> [Available data]:
┌──

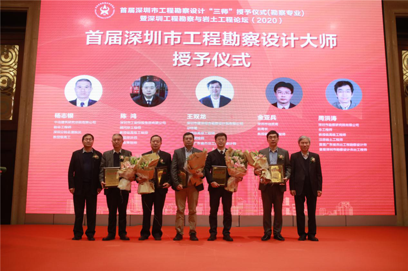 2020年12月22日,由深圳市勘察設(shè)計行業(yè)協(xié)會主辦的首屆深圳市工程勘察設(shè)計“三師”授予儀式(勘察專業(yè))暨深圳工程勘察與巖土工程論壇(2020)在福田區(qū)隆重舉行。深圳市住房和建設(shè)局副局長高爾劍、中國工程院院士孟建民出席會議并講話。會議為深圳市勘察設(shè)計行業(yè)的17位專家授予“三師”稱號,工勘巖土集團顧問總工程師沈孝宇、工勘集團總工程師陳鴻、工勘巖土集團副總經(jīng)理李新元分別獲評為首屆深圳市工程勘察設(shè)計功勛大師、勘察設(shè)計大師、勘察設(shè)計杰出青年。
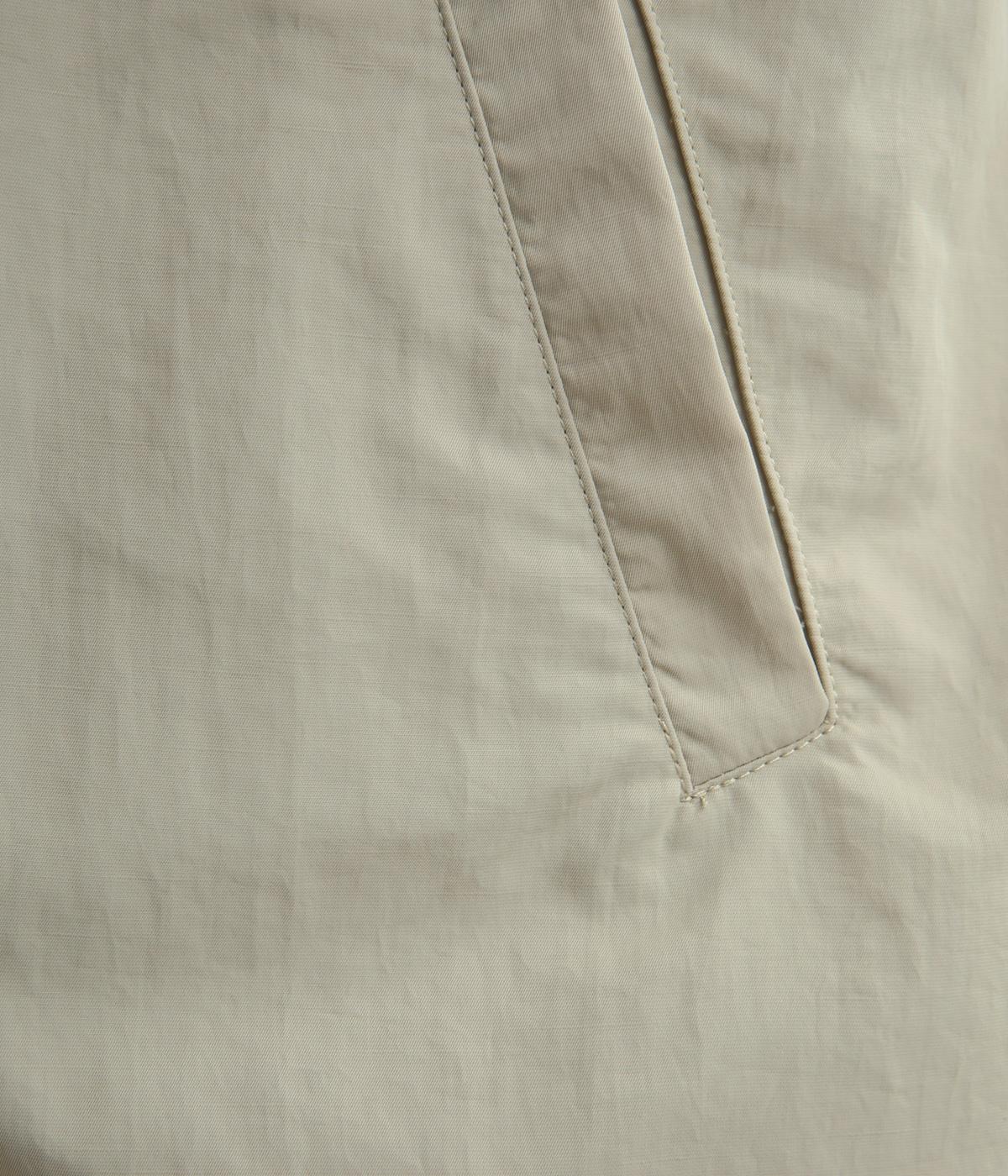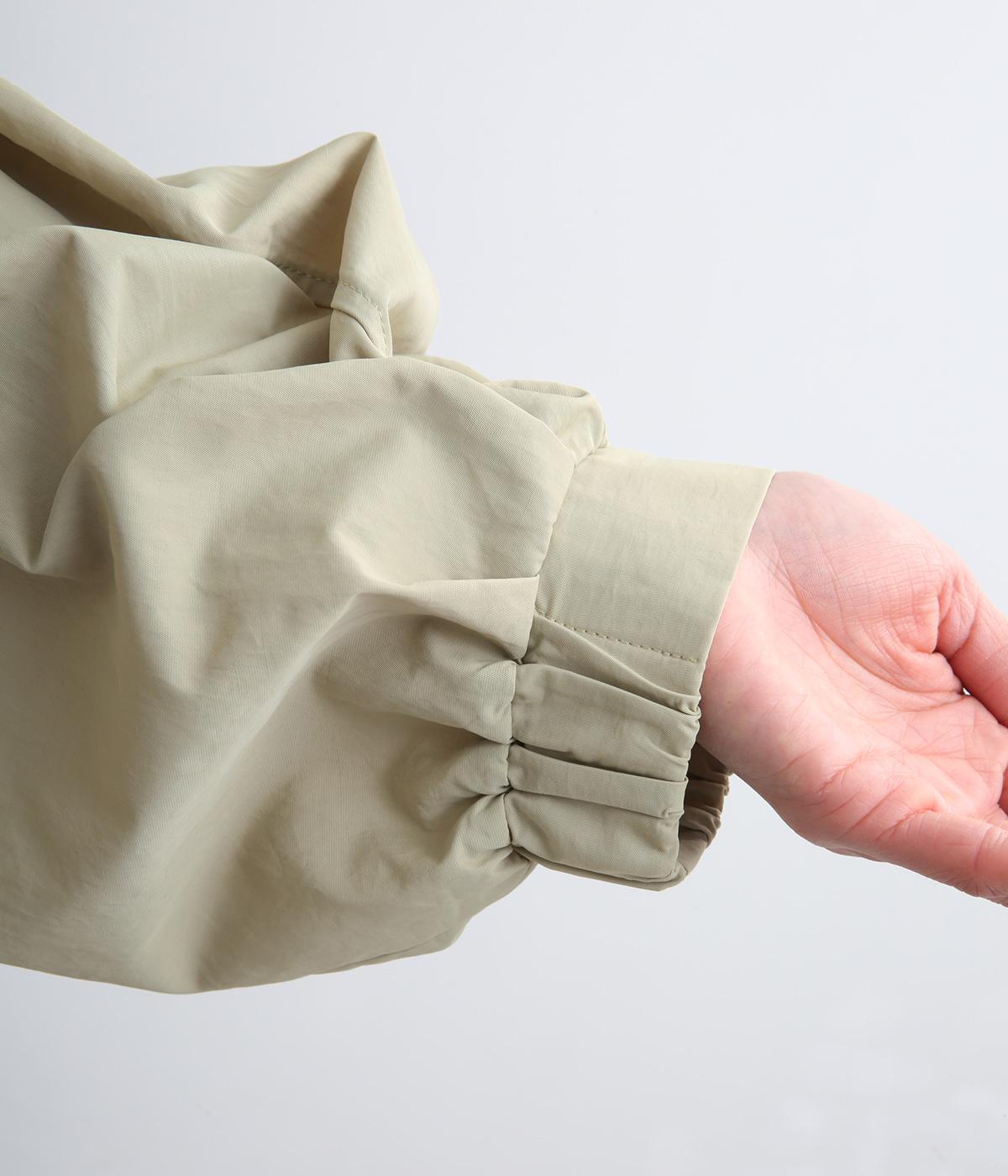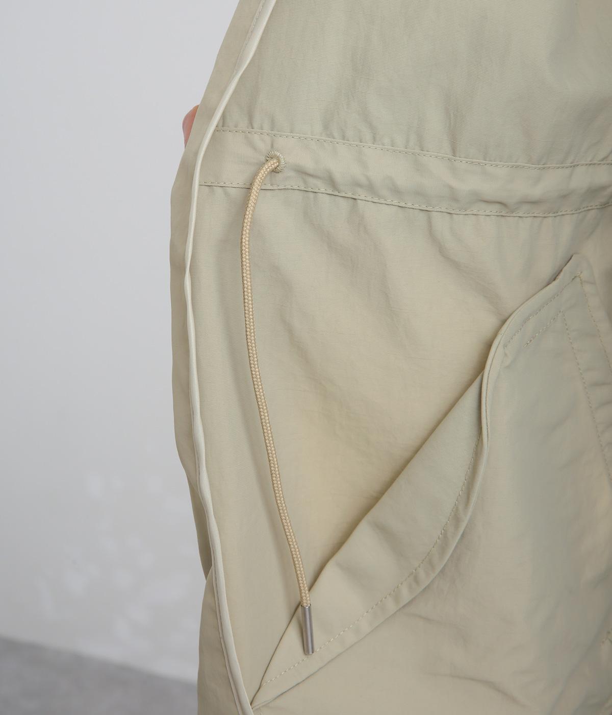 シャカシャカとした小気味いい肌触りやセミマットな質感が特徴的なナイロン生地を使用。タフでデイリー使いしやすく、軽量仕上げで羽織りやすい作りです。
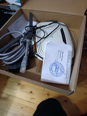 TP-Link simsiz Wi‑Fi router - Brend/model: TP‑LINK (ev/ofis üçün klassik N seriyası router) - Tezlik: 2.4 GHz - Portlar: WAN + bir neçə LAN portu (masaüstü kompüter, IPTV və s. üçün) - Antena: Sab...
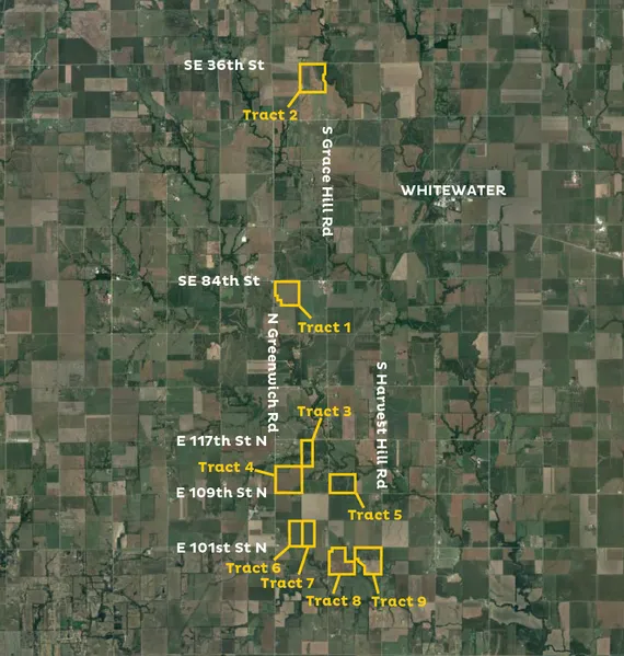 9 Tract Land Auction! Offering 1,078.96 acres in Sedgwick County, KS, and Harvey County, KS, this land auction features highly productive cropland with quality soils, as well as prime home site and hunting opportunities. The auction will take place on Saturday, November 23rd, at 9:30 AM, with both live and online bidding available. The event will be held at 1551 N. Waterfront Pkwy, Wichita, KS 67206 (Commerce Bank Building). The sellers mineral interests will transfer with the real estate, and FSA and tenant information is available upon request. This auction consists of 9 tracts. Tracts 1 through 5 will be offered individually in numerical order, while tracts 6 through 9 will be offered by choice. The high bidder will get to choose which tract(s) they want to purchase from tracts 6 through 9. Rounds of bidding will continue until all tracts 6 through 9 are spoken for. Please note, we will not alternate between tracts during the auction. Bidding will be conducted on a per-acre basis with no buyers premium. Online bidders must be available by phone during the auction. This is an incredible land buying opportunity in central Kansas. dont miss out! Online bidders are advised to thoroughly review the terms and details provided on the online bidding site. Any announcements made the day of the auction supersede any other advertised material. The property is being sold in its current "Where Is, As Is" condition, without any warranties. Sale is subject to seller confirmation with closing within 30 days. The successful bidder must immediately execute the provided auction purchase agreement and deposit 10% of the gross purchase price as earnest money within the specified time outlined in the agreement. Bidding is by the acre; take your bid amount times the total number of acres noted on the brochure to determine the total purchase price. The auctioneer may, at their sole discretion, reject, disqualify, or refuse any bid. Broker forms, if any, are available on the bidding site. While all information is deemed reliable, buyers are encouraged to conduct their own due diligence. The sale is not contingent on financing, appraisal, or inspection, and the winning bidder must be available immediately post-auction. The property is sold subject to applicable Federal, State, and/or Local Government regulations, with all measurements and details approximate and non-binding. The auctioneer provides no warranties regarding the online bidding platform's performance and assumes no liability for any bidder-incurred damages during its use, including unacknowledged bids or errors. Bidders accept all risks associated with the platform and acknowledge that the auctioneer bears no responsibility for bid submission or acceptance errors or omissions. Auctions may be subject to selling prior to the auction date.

└──

> [Task goal]:
An exact copy is needed of only the lines from the top of the material through the line with "TP-Link simsiz Wi‑Fi"; no pictures belong in it.

> [Exercise answer]:
 2020年12月22日,由深圳市勘察設(shè)計行業(yè)協(xié)會主辦的首屆深圳市工程勘察設(shè)計“三師”授予儀式(勘察專業(yè))暨深圳工程勘察與巖土工程論壇(2020)在福田區(qū)隆重舉行。深圳市住房和建設(shè)局副局長高爾劍、中國工程院院士孟建民出席會議并講話。會議為深圳市勘察設(shè)計行業(yè)的17位專家授予“三師”稱號,工勘巖土集團顧問總工程師沈孝宇、工勘集團總工程師陳鴻、工勘巖土集團副總經(jīng)理李新元分別獲評為首屆深圳市工程勘察設(shè)計功勛大師、勘察設(shè)計大師、勘察設(shè)計杰出青年。
 シャカシャカとした小気味いい肌触りやセミマットな質感が特徴的なナイロン生地を使用。タフでデイリー使いしやすく、軽量仕上げで羽織りやすい作りです。
 TP-Link simsiz Wi‑Fi router - Brend/model: TP‑LINK (ev/ofis üçün klassik N seriyası router) - Tezlik: 2.4 GHz - Portlar: WAN + bir neçə LAN portu (masaüstü kompüter, IPTV və s. üçün) - Antena: Sab...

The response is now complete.